Human-Computer Interaction

Gesture Recognition and Feature Selection


This project is already completed.

Motivation

In the field of human-computer-interaction (HCI) one of the core aspects is the design of the interface between the user and the system. Often, the whole system is judged by the design of the front end interface or its interaction paradigm. Using mouse and keyboard in combination with WIMP (windows, icons, menus, pointer) interfaces is suitable for certain tasks, e.g. in an open space office it is more convenient to silently typewrite text than to utilize speech recognition. In contrast, there are situations in which these conventional approaches can only be applied in a limited way or not at all. For example in virtual, mixed and augmented reality (VR, MR, AR), the user is fully or partially immersed into a virtual environment, wearing a headmounted display or 3D glasses while often standing up or even moving around. It is apparent that traditional input devices e.g. mouse and keyboard are not suitable for interacting with these systems. In such situations a more natural way of communication with less extra tools is desirable. As such, multimodal interaction (MMI) poses a promising approach (Latoschik 2005).

MMI contains forms of interaction like speech, haptic feedback, gaze or gestures. Especially “‘open-hand’ gestures, that is gestures of the upper limbs without tool usage” (Latoschik 1998) are a means of intercultural communication. In this context, “gesture recognition has been attracting more and more attention from academia and industry” (Sohn 2014). Especially camera-based approaches provide a convenient way of communication for the users as their hands can be used freely, not restricting them to the input capabilities of an additional device.

Tracking systems usually extract the position of body joints and pass them on to a final decision unit which classifies the data as different gestures. These units can be manually specified templates. For a swiping movement thresholds for values like speed and direction of the hand must be exeeded in order to recognize the gestures. Problems arise when users execute the gesture differently than intended or have a divergent bodyshape. To deal with a more heterogeneous group of users machine learning poses a remedy. With an adequate database to learn from modern machine learning methods are able to recognise variations from the original data set and still derive the correct semantic output. For a similar purpose, machine learning is commonly used in the related field of computer vision, e.g. google’s cloud vision API. Other use-cases of machine learning are data security, marketing personalization, natural language processing (NLP), database mining and picture recognition, like face, text and object recognition (Ng). Within the field of machine learning, a popular technique for automatic gesture recognition is called Artificial Neural Networks (Trigueiros 2012, Maung 2009, Braffort 1996).

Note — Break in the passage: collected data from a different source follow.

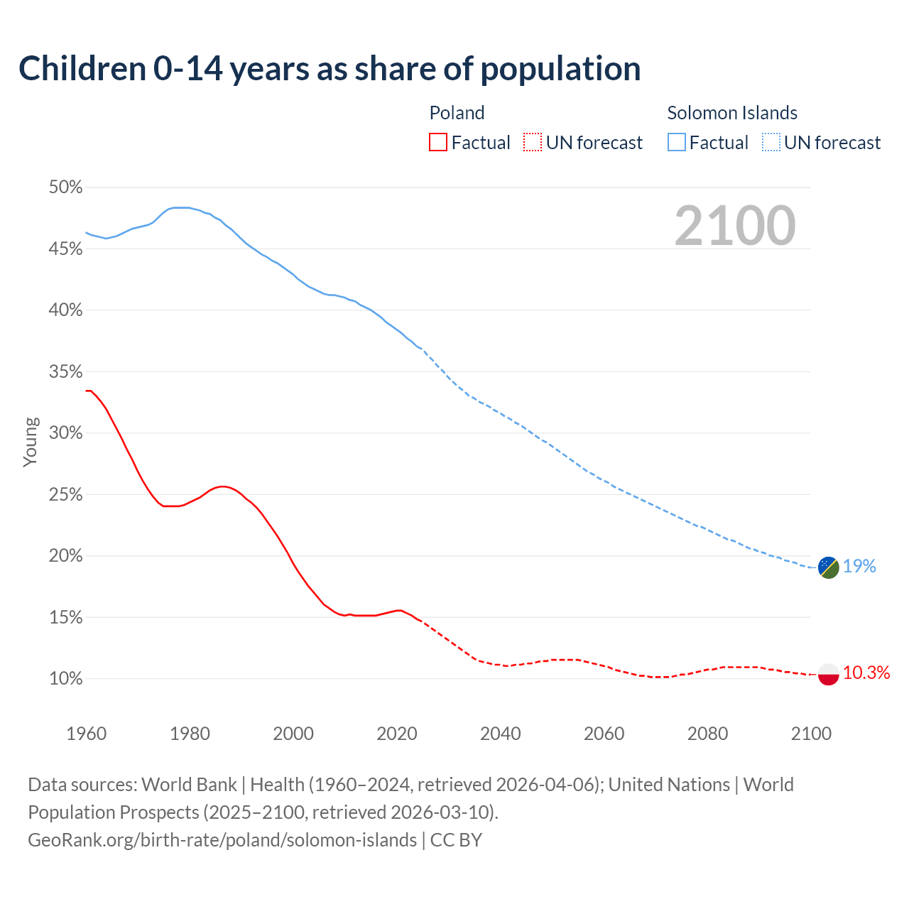 Poland has an annual birth rate of 7.4 births per 1,000 people, compared to 26.9 for the Solomon Islands. The average number of children a woman is expected to have during her lifetime — the fertility rate, is 1.16 in Poland and 3.56 in the Solomon Islands — 207.2% difference.
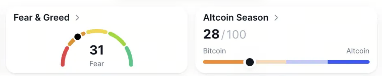 De Fear & Greed Index daalde naar 31, met de altcoin index op 28, wat de aanhoudende onrust onder investeerders onderstreept.
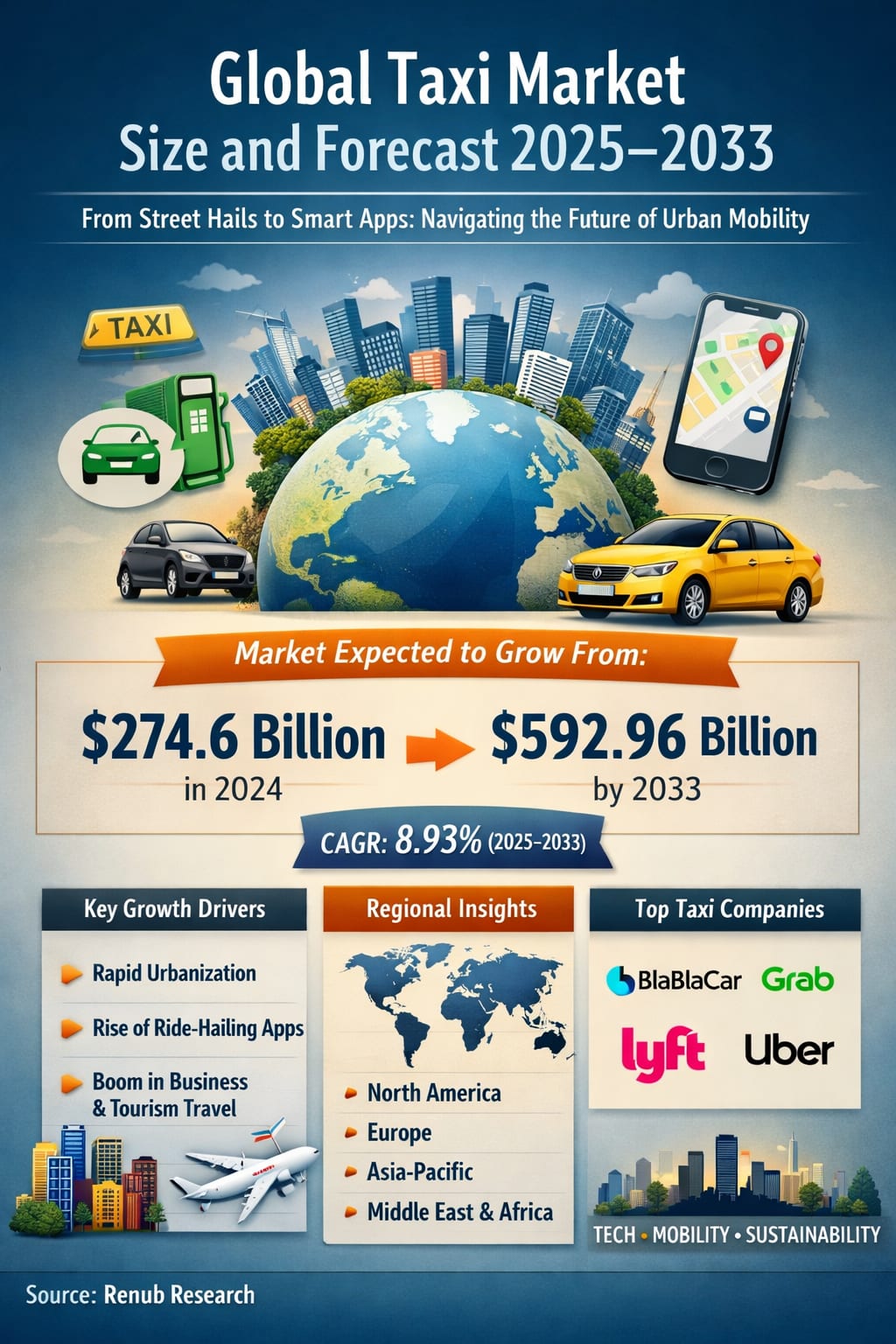 According to Renub Research’s latest industry outlook, the global taxi market is expected to grow from US$ 274.6 billion in 2024 to US$ 592.96 billion by 2033, expanding at a compound annual growth rate (CAGR) of 8.93% from 2025 to 2033. This impressive growth trajectory reflects more than just rising demand for transportation—it signals a fundamental shift in how people move within cities.
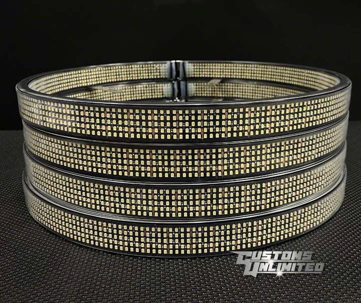 Light Up the Night with Aggressive Wheel Illumination. These Ten Row Ultra High Intensity Wheel Lights by Customs Unlimited are built for maximum glow and visual impact. Designed with show trucks and night trail rigs in mind, they add a bold lighting effect that turns heads while increasing low-profile visibility around your wheels.

For illustration the following example is provided: data like the current position of various joints of the body are detected through tracking systems. More complex features, such as speed and acceleration, can be obtained from the position of one body joint or by combining several different inputs, like angles. By relaying the raw or processed data to the artificial network, the latter then learns predefined gestures from training samples. Problems that often emerge throughout this process are the selection of meaningful input features and, depending on them, the configuration of the network. A smaller set of carefully selected input features improves performance of most machine learning classifiers (Sohn 2012, Trigueiros 2012). Relevant features have a higher or lower likelihood to appear when the gesture or pattern is present while irrelevant features have a random appearance in both cases (Helmbold 2012). Features can either be selected from all possible combinations of the raw data or found by thorough thought about the problem, preferably by an expert in the field.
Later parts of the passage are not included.